Emily Belk Wins DHS COE Summit Grand Challenge Competition
Computer Engineering and Computer Science BS student, Emily Belk was part of the winning team at the 2019 Department of Homeland Security (DHS) Centers of Excellence (COE) Summit Grand Challenge Student Competition held on July 31st at George Mason University in Arlington, Virginia. The DHS COE Summit is an annual event held to showcase the innovative research being conducted by the COE community as they work with industry partners and government collaborators and end-users to develop R&D tools and solutions to respond to the evolving threats and challenges facing the nation. Emily was attending the Summit as a student representative for the ALERT (Awareness and Localization of Explosives-Related Threats) COE led by Northeastern University and Director Michael B. Silevitch, Robert D. Black Professor in the Department of Electrical & Computer Engineering.
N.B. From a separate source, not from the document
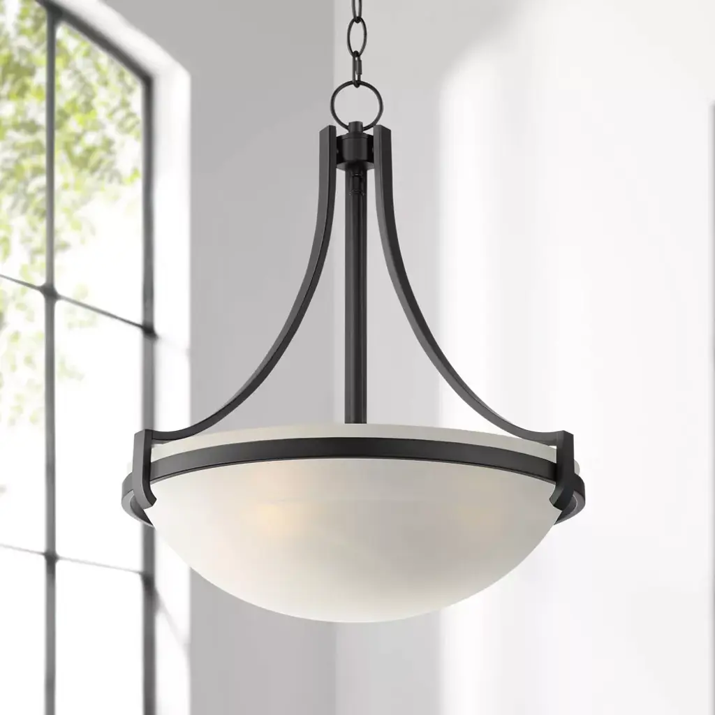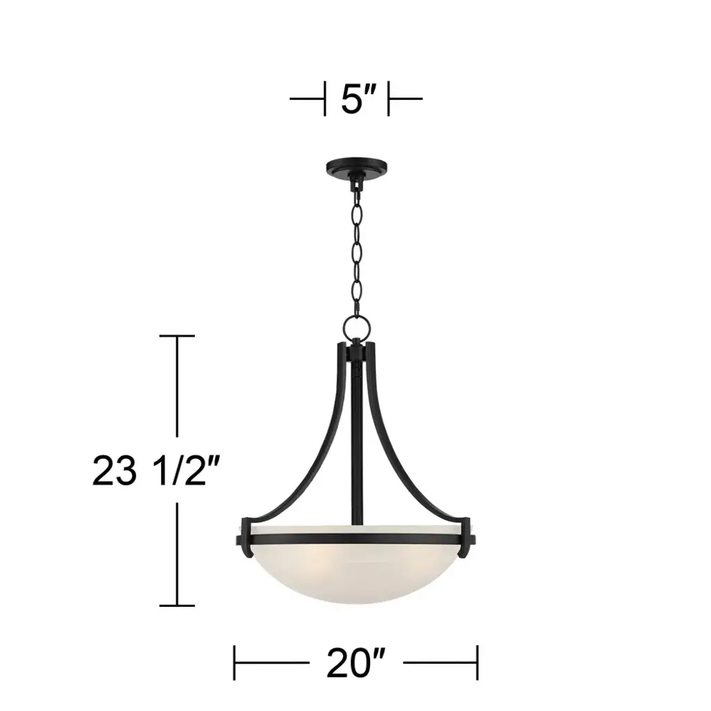 Regency Hill Black Metal Pendant Chandelier 20" Wide Modern Marbleized Glass Bowl Shade Fixture Dining Room House Foyer Entryway
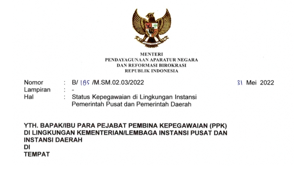 JAKARTA – Kilasfakta.com, Paling lambat, tanggal 28 November 2023, para Pejabat Pembina Kepegawaian (PPK) instansi pemerintah baik kementerian/lembaga maupun pemerintah daerah (K/L/D) harus sudah menentukan status kepegawaian pegawai non-Aparatur Sipil Negara (ASN). Himbauan ini disampaikan Menteri Pendayagunaan Aparatur Negara dan Reformasi Birokrasi (PANRB) Tjahjo dalam surat Menteri PANRB Nomor B/185/M.SM.02.03/2022 tentang Status Kepegawaian di Lingkungan Instansi Pemerintah Pusat dan Pemerintah Daerah yang ditandatangani Tjahjo pada 31 Mei 2022.

Emily works as an undergraduate researcher on the ALERT project known as “Multi-Transmitter/Multi-Receiver Blade Beam Torus Reflector for Efficient Advanced Imaging Technology” led by ALERT Deputy Director, Professor Carey Rappaport.
The Grand Challenge Student Competition was designed to foster collaboration among the talented undergraduate and graduate students engaged in the research and work force development efforts within the COE community. Emily said, “The opportunity to work with students from different disciplines and centers of excellence to tackle the challenge at hand yielded many diverse and exciting ideas.”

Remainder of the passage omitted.